## [Available data]
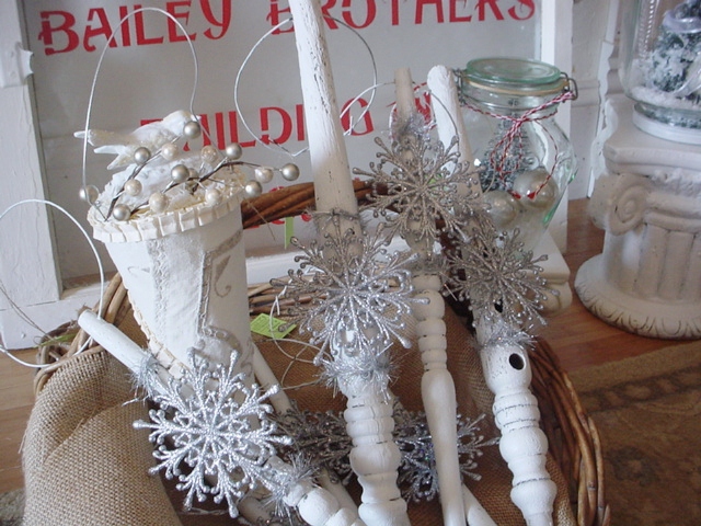 On the way home with it~~schemed my plans to use a big old galvanized bucket with a "recycled Christmas Tree" from the Restore (2.00); leftover garlands, tuck in some white burlap at the base of tree and new red bows. Add lights~~
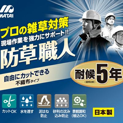 | プロが認めた雑草対策 現場作業を強力にサポート!! 防草効果を長期間維持し、草刈りの手間を大幅に軽減!! ●透す 空気、水、栄養分を透し、土壌が蒸れず、土を傷めません。 ●遮る 太陽光を遮断し、植物の光合成を抑制します。また、飛来種子の成長を防ぎ、シートの雑草は、押さえ込みます。 ●支える パークチップや砂利下の沈殿を防ぎ、補充コストを軽減します。 【使用上の注意事項】 ●火気に近づけないでください。軟化や変形する恐れがあります。 ●使用しない時は、屋内の冷暗所に保管してください。 ●当製品は、シートの遮光性を利用して雑草の繁茂を抑制するものです。シートに直接雑草を枯らす効果はありません。 ●効果やシートの耐久性は使用状況や環境などにより異なります。 ●十分な透水性を発揮するまでに少し時間がかかる場合があります。 ●当製品は、竹笹類の防草には適しません。 【施工上の注意事項】 ●多年生の強壮雑草は、地下茎に養分を保持し生長します。抜根処理や土壌改良、除草剤の散布などの整地作業の上、施工してください。 ●周辺に多年生強壮雑草の密生地がある場合、土壌の抜根処理を推奨します。地下茎により、施工場所へ雑草が侵入してくる恐れがあります。 ●シートが風で飛ばされないよう、固定ピンや重石等で地面にしっかリ固定してください。シートの重ねしろには、風の吹きこみによリシートのめくれの恐れがありますので、端部と同様に必要に応じて固定ピンの本数などを増やしてください。 ●強風、降雨、降雪時の施工は避けてください。 ●シートをハサミなどでカットする際は、怪我のないようご注意ください。 ●重機や車両の乗り入れなど、極度のストレスがかからないようご留意ください。 |
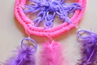En este tutorial vamos a aprender cómo hacer un atrapasueños de gomas para el coche. Es un objeto que se ha hecho muy popular para colgarlo del retrovisor siempre y cuando no afecte a la visibilidad y seguridad de la conducción. Es un vídeo del canal Alexa C. Los materiales que se han empleado para realizar el trenzado de esta pulsera son 77 gomitas de los siguientes colores: 52 gomas granates (o rosas como en la foto) para el borde y 25 gomas moradas para el interior. Además necesitaras tres anillas para los cierres y tres plumas.No es necesario usar ningún telar pero si dos bolígrafos para poder tejer.
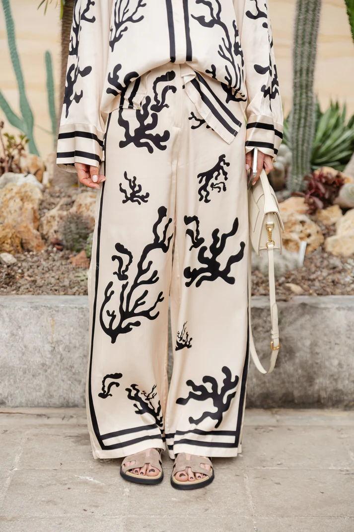 Ocean Print Oversized Shirt and Elastic Waist Pocket Pants Set

## [Directions]
Please quote the lines of the material, beginning with the first and ending with the one that contains "En este tutorial", exactly as written and without any pictures.

## [Task result]
 On the way home with it~~schemed my plans to use a big old galvanized bucket with a "recycled Christmas Tree" from the Restore (2.00); leftover garlands, tuck in some white burlap at the base of tree and new red bows. Add lights~~
 | プロが認めた雑草対策 現場作業を強力にサポート!! 防草効果を長期間維持し、草刈りの手間を大幅に軽減!! ●透す 空気、水、栄養分を透し、土壌が蒸れず、土を傷めません。 ●遮る 太陽光を遮断し、植物の光合成を抑制します。また、飛来種子の成長を防ぎ、シートの雑草は、押さえ込みます。 ●支える パークチップや砂利下の沈殿を防ぎ、補充コストを軽減します。 【使用上の注意事項】 ●火気に近づけないでください。軟化や変形する恐れがあります。 ●使用しない時は、屋内の冷暗所に保管してください。 ●当製品は、シートの遮光性を利用して雑草の繁茂を抑制するものです。シートに直接雑草を枯らす効果はありません。 ●効果やシートの耐久性は使用状況や環境などにより異なります。 ●十分な透水性を発揮するまでに少し時間がかかる場合があります。 ●当製品は、竹笹類の防草には適しません。 【施工上の注意事項】 ●多年生の強壮雑草は、地下茎に養分を保持し生長します。抜根処理や土壌改良、除草剤の散布などの整地作業の上、施工してください。 ●周辺に多年生強壮雑草の密生地がある場合、土壌の抜根処理を推奨します。地下茎により、施工場所へ雑草が侵入してくる恐れがあります。 ●シートが風で飛ばされないよう、固定ピンや重石等で地面にしっかリ固定してください。シートの重ねしろには、風の吹きこみによリシートのめくれの恐れがありますので、端部と同様に必要に応じて固定ピンの本数などを増やしてください。 ●強風、降雨、降雪時の施工は避けてください。 ●シートをハサミなどでカットする際は、怪我のないようご注意ください。 ●重機や車両の乗り入れなど、極度のストレスがかからないようご留意ください。 |
En este tutorial vamos a aprender cómo hacer un atrapasueños de gomas para el coche. Es un objeto que se ha hecho muy popular para colgarlo del retrovisor siempre y cuando no afecte a la visibilidad y seguridad de la conducción. Es un vídeo del canal Alexa C. Los materiales que se han empleado para realizar el trenzado de esta pulsera son 77 gomitas de los siguientes colores: 52 gomas granates (o rosas como en la foto) para el borde y 25 gomas moradas para el interior. Además necesitaras tres anillas para los cierres y tres plumas.No es necesario usar ningún telar pero si dos bolígrafos para poder tejer.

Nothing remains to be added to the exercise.